La vaccination humaine pose un autre problème : celui de la gestion des souches sur
lesquelles peuvent être fabriqués les vaccins. Hong Kong possède des souches du virus datant
d’avant 2003, mais il n’est pas certain que ces souches correspondent aux formes actuelles du
virus. La recherche sur les vaccins dépend donc des pays où les derniers cas humains sont
apparus, et notamment de l’Indonésie, qui a menacé l’OMS de ne pas envoyer ses
échantillons si les vaccins ne lui étaient pas garantis à bas prix en retour. Une solution semble
avoir été trouvée par l’OMS, consistant à faire de Hong Kong une banque de souches virales
pour toute l’Asie, renforçant encore son rôle de sentinelle sanitaire et de foyer de la recherche
pour le continent. Il existe par ailleurs d’autres pistes, mais à plus long terme, de fabrication
d’un vaccin par génie génétique.
3 - Le contrôle des filières de l’élevage
Hong Kong a aussi été à la pointe des mesures de biosécurité concernant les élevages
de volailles. Les fermes du territoire sont munies de pédiluves et de rotoluves destinés à
empêcher que des virus contractés par les volailles sortent de la ferme (ces mesures sont à
présent adoptées dans la plupart des fermes industrielles des pays développés).
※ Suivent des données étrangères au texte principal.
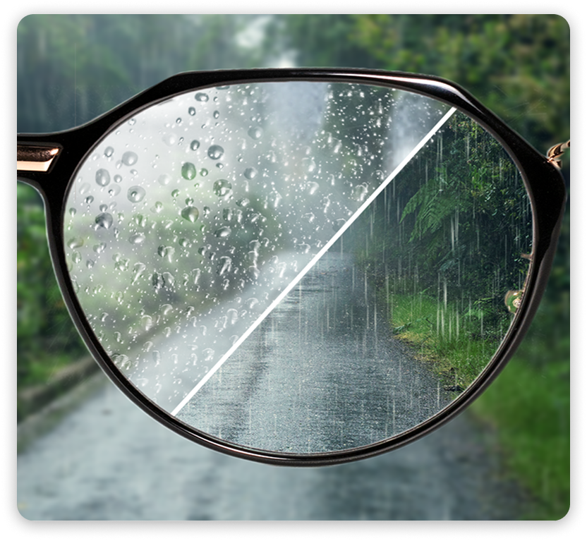 Hydrophobic lenses also have a special coating on them that is designed to protect the lenses from moisture and water droplets. Whenever there are rains or heavy snowfall they slide off beautifully from the surface of the lens as the stiffness between the liquid and the hydrophobic lens exterior is lower. This help the water droplets fall off the glass surface without leaving any residual moisture behind. Hydrophobic coating also keeps dust and dirt particles away.
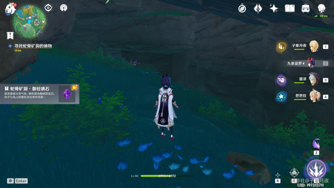 从那个洞口进来后,跳下来有个雷樱枝条可以召唤雷种子,利用雷极飞起来,镇石就在前面山壁上的凹进去的小平台上的结界内。
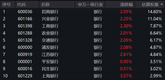 银行ETF龙头(512820)标的指数全线上涨,上海银行、渝农商行等涨超3%,招商银行、兴业银行、工商银行、建设银行、农业银行等涨超2%,中国银行等强势跟涨!
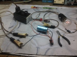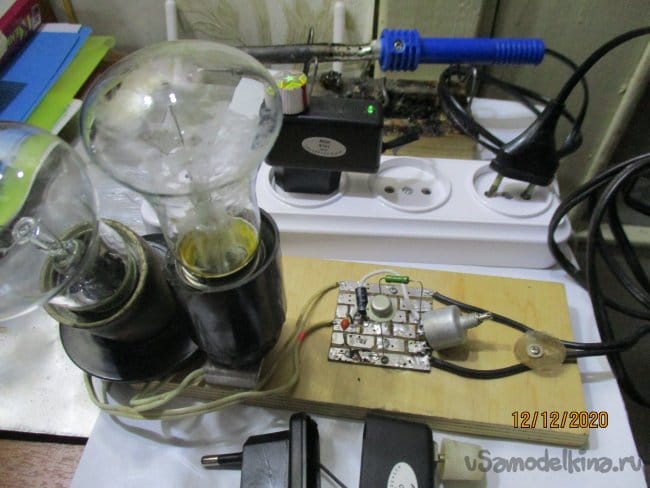 Штеккерная коробка была взята от неисправного зарядного устройства китайского производства на корпусе которой выдавлен штамп «TOPSTAR». Через год, мне попала в руки точно такая же китайская коробка, но уже со штампом «AMT Style». Решил в ней изготовить такой же регулятор, но уже для паяльника мощностью 90Вт. Но вот вопрос, выдержат и не будут ли греться диод и тиристор? Чтобы проверить, спаял схему на макетной плате и нагрузил двумя лампами включенных параллельно, на 220 В и 60 Вт каждая. Подключил одну лампу – ничего не греется, две лампы – еле ощутимый нагрев тиристора при мощности 120 Вт и примерным током 0,5 А (по 0,25А на диод и тиристор). Какой раз убеждаюсь в отличных характеристиках советских тиристоров и диодов, имеющих очень малое внутреннее сопротивление в открытом состоянии и с большим запасом по напряжению и мощности!
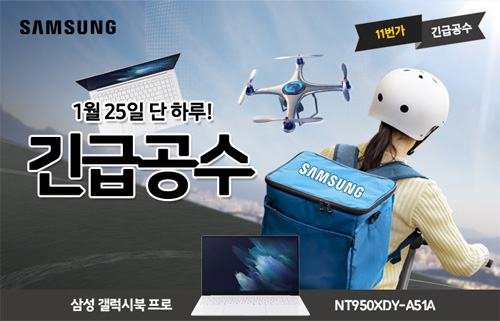 유니씨앤씨는 다가오는 설날을 맞아 15.6인치 AMOLED 디스플레이 탑재와 초슬림 초경량 디자인으로 뛰어난 휴대성을 자랑하는 삼성 갤럭시북 프로 NT950XDY-A51A 모델을 대상으로 최대 29만원 중복 할인과 함께 푸짐한 혜택이 주어지는 ‘긴급공수’ 프로모션을 2022년 1월 25일 단 하루 동안 11번가를 통하여 단독 진행한다.
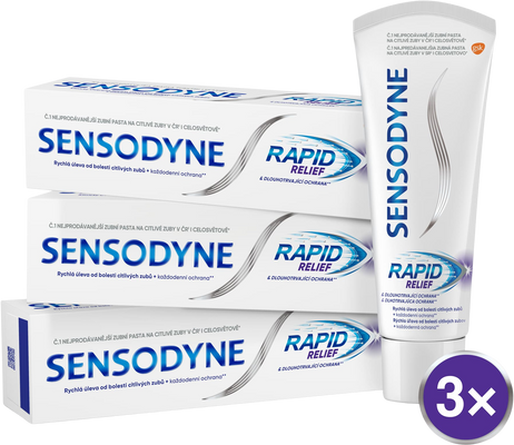 Sensodyne Zubní pasta pro citlivé zuby Rapid 3 x 75 mlVše o produktuDoplňující informaceHodnocení produktuSensodyne Rapid je zubní pasta s fluoridem, která přináší rychlou úlevu od bolesti citlivých zubů** a dlouhotrvající ochranu citlivých zubů*. Poskytuje úlevu od bolesti při citlivosti zubů*.
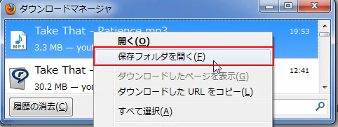 ダウンロードしたファイルの保存フォルダを開く時は、右クリックメニューから保存フォルダを開くを選択します。
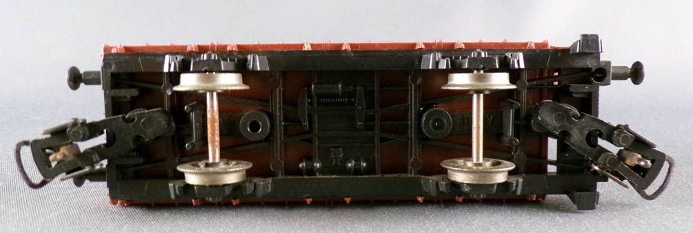 Lima 2818 Ho Fs wagon plat 2 essieux à guérite avec 3 Fûts Anker-Bier, immat P660 513 livrée brun. Longueur 117 mm, roues métal, attelages universels, tampons et marchepieds ok. Très bon état sans boite.
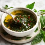 Remove the pan from heat and let the butter mixture cool for at least 5 minutes. This cooling period is important because adding fresh herbs and acidic vinegar or lemon juice to very hot butter can cause bitterness and loss of vibrant flavors. Once slightly cooled, stir in the finely minced parsley, oregano, and red wine vinegar. These lively, fresh ingredients bring brightness, herbal complexity, and a subtle tang that perfectly balance the buttery richness.
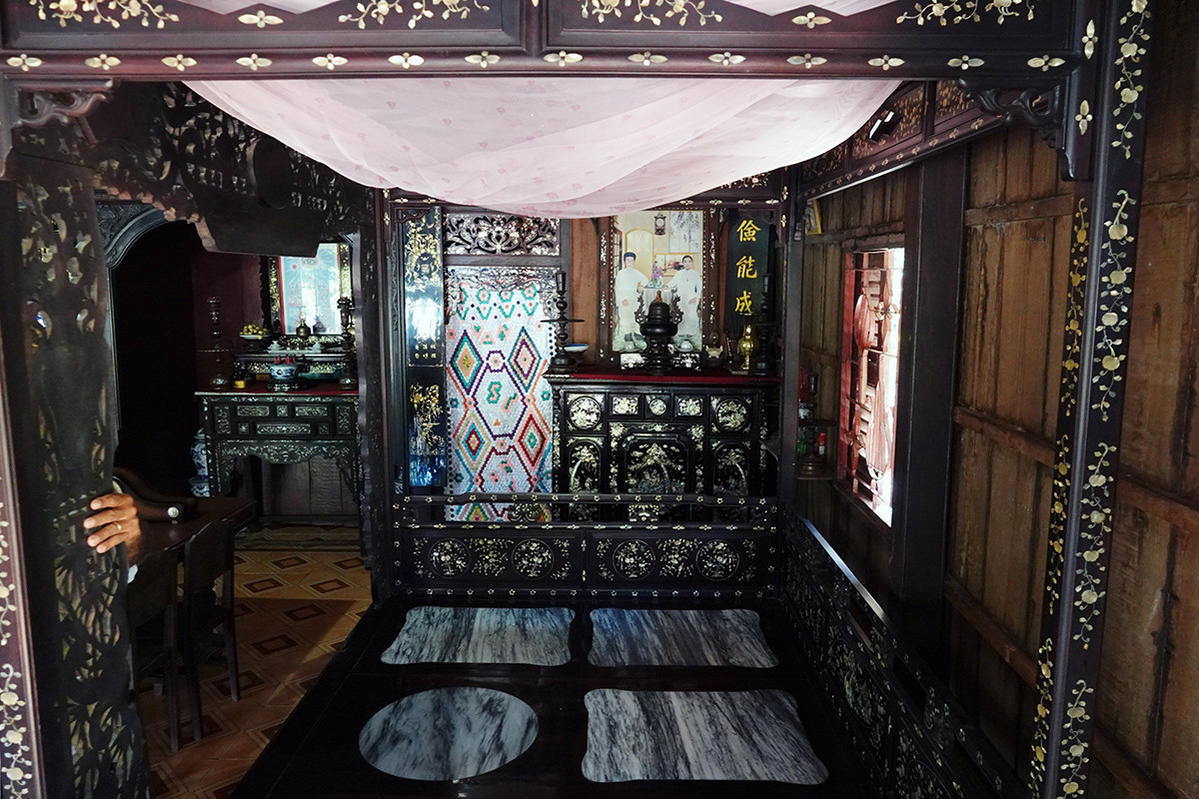 Long sàng mà ông đang sở hữu cao khoảng 2,5m, rộng gần 2m, màu nâu đen, toát lên vẻ sang trọng. Toàn bộ giường được làm bằng gỗ quý, khảm xà cừ với nhiều hoa văn tinh xảo.
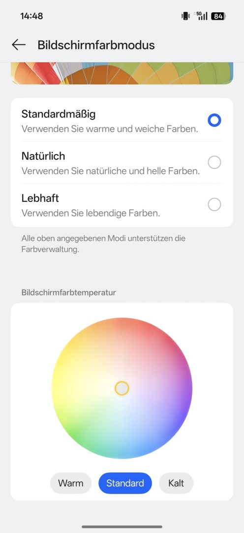 Das hochwertige Panel liefert eine scharfe Darstellung mit sehr guter Blickwinkelstabilität. Beim Kippen des Geräts tritt weder Farbschillern noch ein hoher Helligkeitsabfall auf. Die Farbdarstellung fällt ab Werk sehr gut aus. Die Farben wirken lebendig, aber dennoch natürlich. Der Weißwert zeigt sich neutral. Bilder und Videos kommen gut zur Geltung, auch HDR Inhalte werden sehr gut wiedergegeben. Das Display unterstützt HDR10+ und Dolby Vision. Über die Funktion "Naturton" lässt sich die Farbdarstellung automatisch an das Umgebungslicht anpassen.
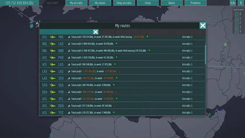 - Route Complexity: The system often does not limit the establishment of different flight routes between cities in the world. From there, you can quickly see their complexity, and the profits continuously increase.
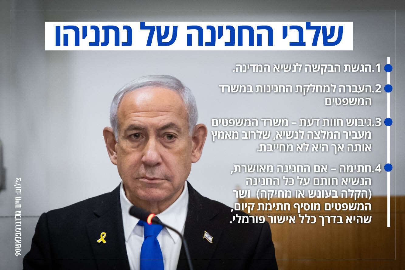 רה"מ בנימין נתניהו הגיש היום (ראשון) בקשה לנשיא המדינה, יצחק בוז'י הרצוג, לקבלת חנינה. בבקשה נימק נתניהו כי הוא מבקש להקדיש את זמנו לניהול המדינה ואיחוי הקרעים בעם.
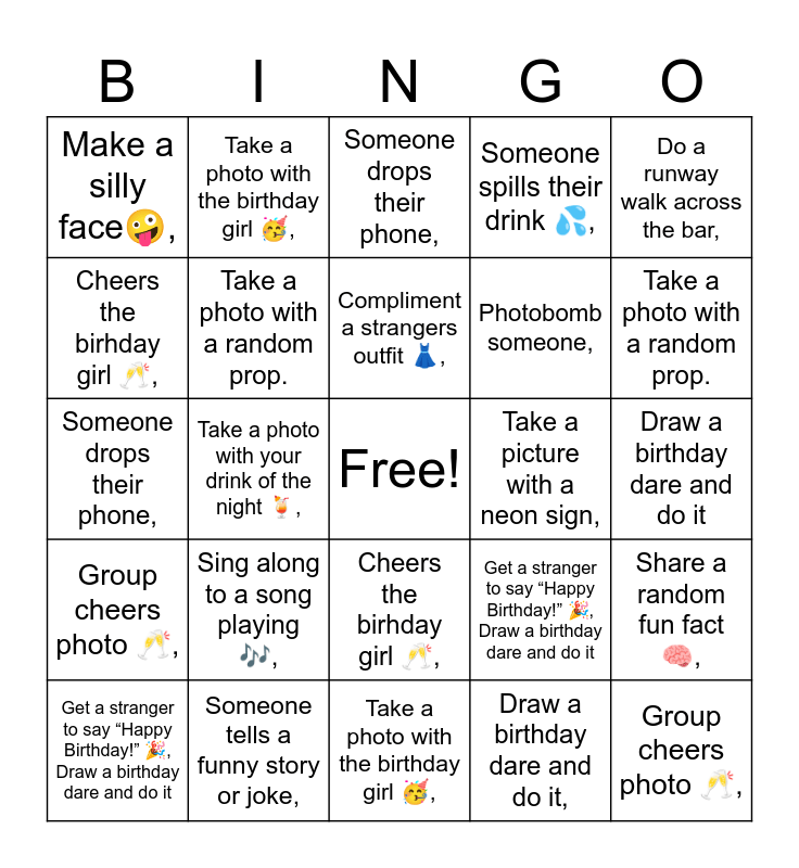This bingo card has a free space and 70 words: Dance to the song playing π, Draw a birthday dare and do it, Sing happy birthday π€,, Take a selfie w/ the bartender πΈ,, Someone tells a funny story or joke,, Draw a birthday dare and do it,, Someone spills their drink π¦,, Take a photo with the birthday girl π₯³,, Do a runway walk across the bar,, Compliment a strangers outfit π,, Share a random fun fact π§ ,, β a stranger,, Make a silly faceπ€ͺ,, Someone drops their phone,, Someone mentions work,, Take a photo with your drink of the night πΉ,, Cheers the birhday girl π₯,, Photobomb someone,, Sing along to a song playing πΆ,, Group cheers photo π₯,, Take a picture with a neon sign,, Get a stranger to say βHappy Birthday!β π, Draw a birthday dare and do it, Take a photo with a random prop., Dance to the song playing π, Draw a birthday dare and do it, Sing happy birthday π€,, Take a selfie w/ the bartender πΈ,, Someone tells a funny story or joke,, Draw a birthday dare and do it,, Someone spills their drink π¦,, Take a photo with the birthday girl π₯³,, Do a runway walk across the bar,, Compliment a strangers outfit π,, Share a random fun fact π§ ,, β a stranger,, Make a silly faceπ€ͺ,, Someone drops their phone,, Someone mentions work,, Take a photo with your drink of the night πΉ,, Cheers the birhday girl π₯,, Photobomb someone,, Sing along to a song playing πΆ,, Group cheers photo π₯,, Take a picture with a neon sign,, Get a stranger to say βHappy Birthday!β π, Draw a birthday dare and do it, Take a photo with a random prop., Get a stranger to say βHappy Birthday!β π, Draw a birthday dare and do it, Dance to the song playing π, Draw a birthday dare and do it, Sing happy birthday π€,, Take a selfie w/ the bartender πΈ,, Someone tells a funny story or joke,, Draw a birthday dare and do it,, Someone spills their drink π¦,, Take a photo with the birthday girl π₯³,, Do a runway walk across the bar,, Compliment a strangers outfit π,, Share a random fun fact π§ ,, β a stranger,, Make a silly faceπ€ͺ,, Someone drops their phone,, Someone mentions work,, Take a photo with your drink of the night πΉ,, Cheers the birhday girl π₯,, Photobomb someone,, Sing along to a song playing πΆ,, Group cheers photo π₯,, Take a picture with a neon sign,, Get a stranger to say βHappy Birthday!β π, Draw a birthday dare and do it and Take a photo with a random prop..
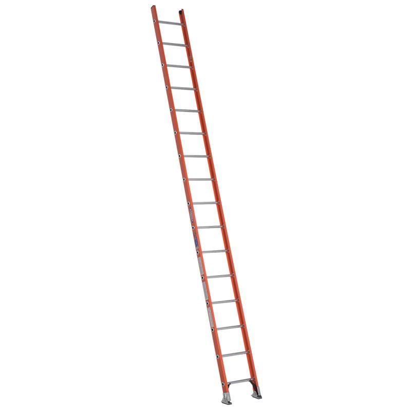 The D6200-1 ladders are one section straight ladders made with non-conductive fiberglass rails. Easy to transport and maneuver, these ladders bear a duty rating of 300 pounds making them durable and long lasting. The TRACTION-TRED D rungs are slip resistant, and the durable rail shields and shoe brackets help to protect the rails from damage. The dual action feet pivot for use on hard or penetrable surfaces

Une des
mesures les plus efficaces a été la fermeture du marché pendant un jour, qui évite les
mélanges entre les virus dans un lieu hautement fréquenté par les humains : les autorités
hongkongaises font des démarches auprès des autres pays concernés par la panzootie pour
faire appliquer cette mesure. Cependant, la mesure la plus radicale, et la plus difficilement
exportable, a été la fermeture quasi-totale des fermes du territoire. Sur ce point, la situation
privilégiée de Hong Kong – îlot de capitalisme financier et de recherche scientifique de haut
niveau accroché au gigantesque continent chinois, « atelier du monde » - la met dans la
situation paradoxale de devoir gérer une maladie animale en supprimant tout contact réel avec
un poulet vivant. Pourtant, le simple fait que les Hongkongais doivent bien continuer à
manger les contraint à s’intéresser quotidiennement à cette maladie, qui pourrait causer l’une
des plus grandes pandémies de l’histoire de l’humanité. Cette situation paradoxale tient à ce
que la Chine du Sud, principale fournisseuse des volailles consommées à Hong Kong, est
considérée, pour des raisons climatiques, écologiques et démographiques, comme le réservoir
où la mutation du virus d’une forme animale à une forme inter-humaine a de fortes chances de
se produire.
Il est donc légitime que Hong Kong reste mobilisé sur le risque de grippe aviaire, à la
fois pour sa propre population et pour le reste du monde.